I very seldom went to the theatre; to force me there, a special occasion or obligation or inducement was required. I quite believe that of my own accord I would never think of going there. I even affected a supreme contempt for the kind of literary stuff offered for sale in these pushcart markets of mediocrity. Conceiving, as I did, the theatre as a place not of idle distraction but of serious art, it was repugnant to me to see human passion warbling one and the same sentimental tune amidst the mechanism of always identical scenes, to see gaiety, bedecked with tinsel, tumbling into the same pit of tomfoolery. A manufacturer of such plays, be they ever so applauded, seemed to me an artist gone astray; he bore the same relation to the poet that an unfrocked clergyman bears to a priest, or a deserter does to a soldier!
And I always remembered Lirat's remark, so powerfully concise, so profoundly discerning. We had been attending the funeral of the painter M——. The celebrated dramatist D—— was the chief mourner. At the cemetery he delivered an address. This did not surprise anyone, for did not H—— and D—— enjoy a reputation of equal greatness? At the end of the ceremony Lirat took my arm and we walked back to Paris very sad. Lirat, who seemed lost in painful meditation, was silent. Suddenly he stopped, crossed his arms and, swaying his head with an irresistibly comical air because it was intended to be grave, exclaimed: "But why did that fellow D—— interfere, tell me?" And he was right. Why did he interfere, really? Did they come from the same stock and were they headed for the same glory—the one an ardent artist with grandiose thoughts and immortal works, and the other, whose sole ideal was to entertain with silly nonsense an assembly of wealthy and reputable bourgeois each evening. Yes, really, why did he interfere?
How removed I was from such morose sentiments when, after dinner, having sauntered along the boulevards, enjoying the feeling of physical well-being which gave to my movement a special lightness and elasticity, I seated myself in a chair at the Varieté, where a successful musical comedy was being played! With my face deliciously freshened by the cold air outside, my heart entirely won over to a sort of universal forebearance, I was really enjoying myself. With what? I did not know and little cared to know, not being in the mood for psychological self-analysis.
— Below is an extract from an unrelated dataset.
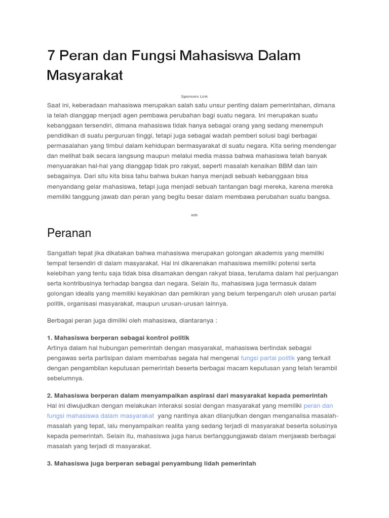 Essay tentang peran mahasiswa di masyarakat

As was proper, I arrived during the intermission, when the crowd, very elegant in appearance, was filling the lobbies. After having left my overcoat at the check room, I passed through the parterre boxes with that same sweet impatience, that same delicious anguish, which I had already experienced at the Bois; on reaching the first balcony I continued the same careful inspection of the loges. "Why is she not here?" I asked myself. Each time I failed to distinguish clearly a woman's face, whether it was because the face was slightly bent, in shadow, or cut off from view by a fan, I would say to myself: "That's Juliette!" And each time it was not Juliette at all. The play amused me; I laughed heartily at the flat jokes which constituted the essence of the piece: I enjoyed all this perverse ineptitude, this vulgar coarseness and really found in it a quality of irony which did not lack literary merit. At the love scenes I grew sentimental. During the last intermission I met a young man whom I scarcely knew. Glad of the opportunity to pour out the banalities which had accumulated in me and were pressing for an outlet, I clung to him.
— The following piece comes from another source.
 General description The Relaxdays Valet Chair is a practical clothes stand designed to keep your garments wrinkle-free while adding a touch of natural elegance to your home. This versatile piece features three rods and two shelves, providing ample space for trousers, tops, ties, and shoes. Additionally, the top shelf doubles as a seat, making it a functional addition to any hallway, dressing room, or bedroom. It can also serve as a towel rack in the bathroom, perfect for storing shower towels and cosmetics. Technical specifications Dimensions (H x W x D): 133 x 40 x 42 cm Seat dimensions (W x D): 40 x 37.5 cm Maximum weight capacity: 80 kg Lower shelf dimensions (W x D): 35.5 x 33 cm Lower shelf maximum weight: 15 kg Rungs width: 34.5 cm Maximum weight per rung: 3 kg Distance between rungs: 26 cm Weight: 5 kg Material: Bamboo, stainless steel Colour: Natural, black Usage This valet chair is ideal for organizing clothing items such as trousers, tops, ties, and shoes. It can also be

"An amazing thing, isn't it?" he said to me. "It is stunning, eh?"
"Yes, it isn't bad!"
"Not bad! Not bad!... Why that is a masterpiece, an astounding masterpiece! What I especially like is the second act. There is a situation for you, not that ... a tense situation! Why it is high comedy, you know! And the gowns! And that Judic, ah! that Judic!..."
He struck his thigh and clicked his tongue:
"It got me all excited, my dear! It's astonishing!"
We thus discussed the merits of the various acts, scenes and actors.